Someone of any age can choke on a grape. I banned them completely because the toddler could steal them before I had a chance to cut the up. I know you might think I'm over reacting but they are absolutely lethal.

angelikacpickles · 21/10/2018 22:28

You can cut grapes you know?

BlackberryandNettle · 21/10/2018 22:35

I also don't buy grapes as there is a chance the kids could get the bag and start scoffing them before cutting. Also informed on a first aid course of how lethal they are, as well as balloons if inhaled.

The little tiny packets of haribo, I don't think contain any major choking risk shapes/sizes. Sugar wise, it's a tiny packet. Plus nursery gave them directly to parents. I'd have been fine with it.

Devillanelle · 21/10/2018 22:37

I don't really buy grapes either, plenty of other fruit out there that won't potentially kill them.

DrWhy · 22/10/2018 04:50

I’ve steered clear of haribo and similar for my 2 year old because of the choking risk. They wouldn’t form a seal like grapes but they just seem about the shape, size and texture that could get pretty well stuck.

GreenMeerkat · 22/10/2018 05:08

I hate the damn things and my DD is almost 5. She's always coming home with them from school as it's been someone's birthday. Sticky, sugary horrible things.

feesh · 22/10/2018 05:12

I’m in the Middle East and there is a ridiculously annoying culture here of kids being sent home from school and nursery with sweets and crap to celebrate birthdays. It really annoys me and I would have hoped that it wouldn’t happen in the UK.

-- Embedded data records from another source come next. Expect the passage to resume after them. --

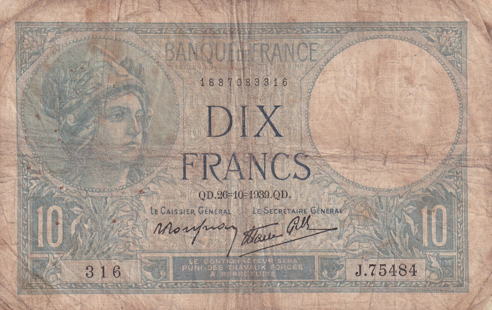 France 10 Francs 1939 Series Rare Note Normally Repaired
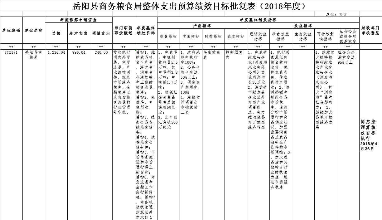 岳陽縣商務(wù)糧食局整體支出預(yù)算績(jī)效目標(biāo)批復(fù)表
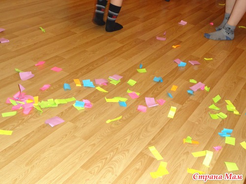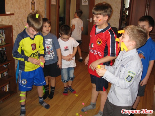 Затем был конкурс "штрафники". Смысл в том чтобы быстрее соперника наклеить на себя желтые или красные стикеры. Конкурс получился очень веселым, шумным. Участвовали все! Каждая из команд получила за этот конкурс, как и за предыдущий, по очку.
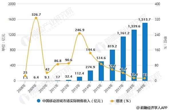 根据伽马数据,2019年中国移动游戏市场实际销售收入达到1513.7亿元,较去年同比增长13.0%,继续保持增长势头,中国移动游戏市场将逐渐进入稳定增长阶段。
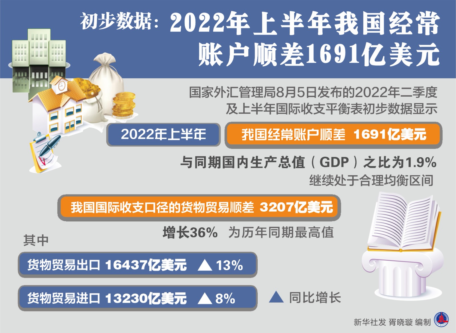 国家外汇管理局8月5日发布的2022年二季度及上半年国际收支平衡表初步数据显示,2022年上半年,我国经常账户顺差1691亿美元,与同期国内生产总值(GDP)之比为1.9%,继续处于合理均衡区间。
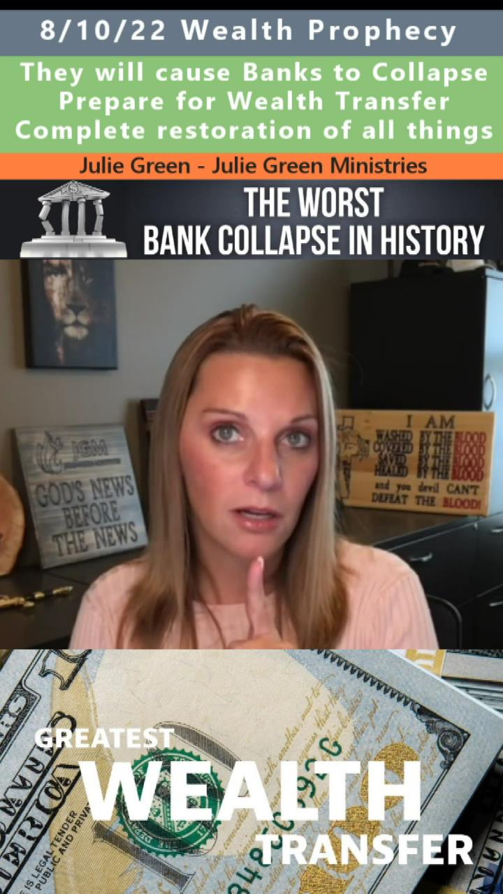 They will cause a bank collapse. Prophecy by Julie Green on 8/10/22. See partial transcript and video link below:

OP I am with you - I would never in a million years think that this is appropriate in the baby room. I think there is a massive problem internationally with kids eating too much sugary crap and I think it’s responsible for a growing number of health issues.

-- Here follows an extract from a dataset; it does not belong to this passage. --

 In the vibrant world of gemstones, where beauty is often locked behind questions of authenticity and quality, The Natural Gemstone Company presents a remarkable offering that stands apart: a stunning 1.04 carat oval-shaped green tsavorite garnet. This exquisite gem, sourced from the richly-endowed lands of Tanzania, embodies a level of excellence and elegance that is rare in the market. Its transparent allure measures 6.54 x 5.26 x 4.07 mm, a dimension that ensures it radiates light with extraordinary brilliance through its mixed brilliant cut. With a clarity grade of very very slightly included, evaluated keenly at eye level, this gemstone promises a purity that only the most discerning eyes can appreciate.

I’m not saying my kids never get sweets - of course they do - it’s just this creep into daily diets and being perceived as ‘treats’ which annoys me. Sugar is bad for their teeth, their immune system and their overall weight and health.

My 17 month old is my third child and although I am definitely more relaxed about what he eats, compared to the others, he’s never had a haribo or similar.

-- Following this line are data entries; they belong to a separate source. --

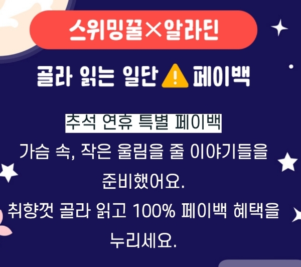 추석 특선 일단 페이백 스위밍꿀×알라딘 골라 읽는 100% 대여 페이백
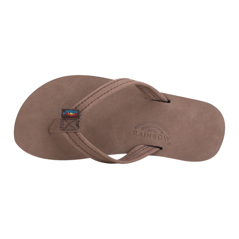 Our kids Premier Leather on a non-slip Rainbow® bottom with a single layer but no arch, and a feminine 1/2" narrow strap. Now the girls can be just like their Big Sis!
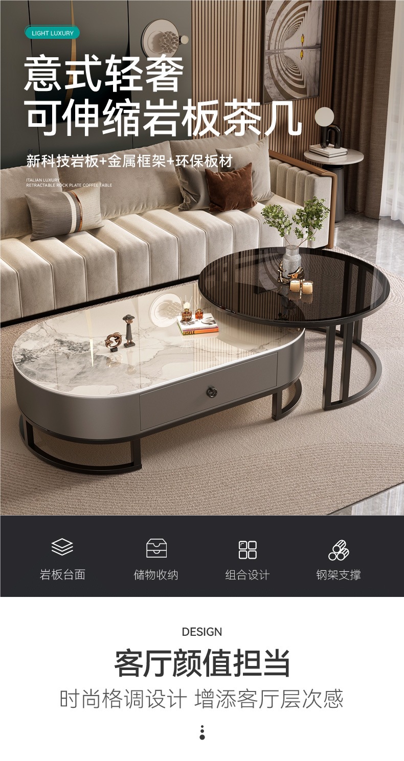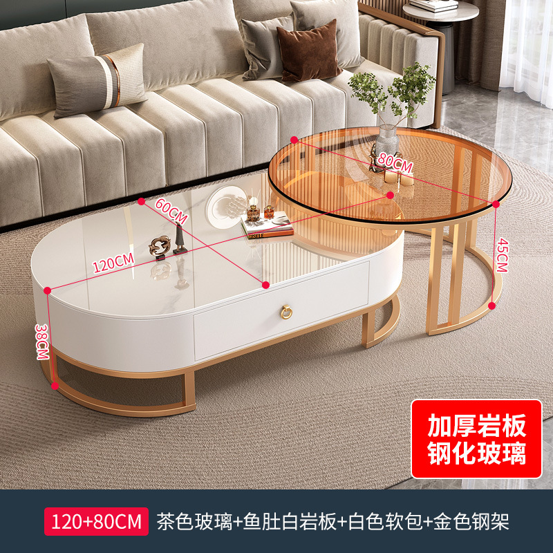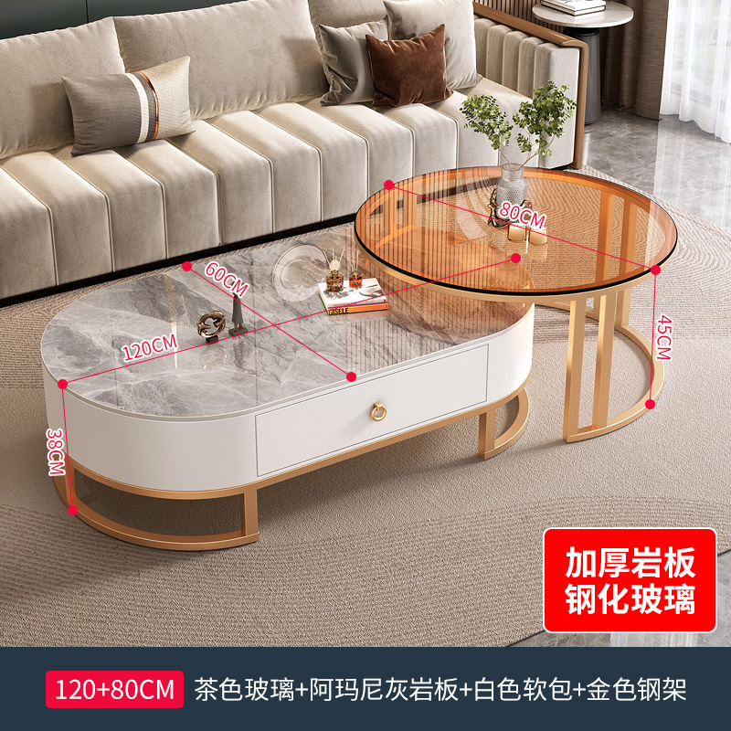 커피 테이블 거실 홈 2024 새로운 스타일 작은 아파트 라운드 록 플레이트 라이트 럭셔리 인터넷 인기있는 작은 커피 테이블 커피 테이블 테이블 테이블스토어 가기

The more enlightened nurseries here only allow you to send fruit in for birthdays - thankfully it’s fairly easy to buy pretty spectacularly arranged fruit platters here.

bumblebee39 · 26/10/2018 16:55

OMG gave my son his first haribo today and he nearly choked... Never again xx

SoyDora · 26/10/2018 17:19

Mine don’t get chance to steal grapes before they’re chopped! I get them out of the fridge, put them on the work top (that they can’t reach), chop them and put them back in the fridge.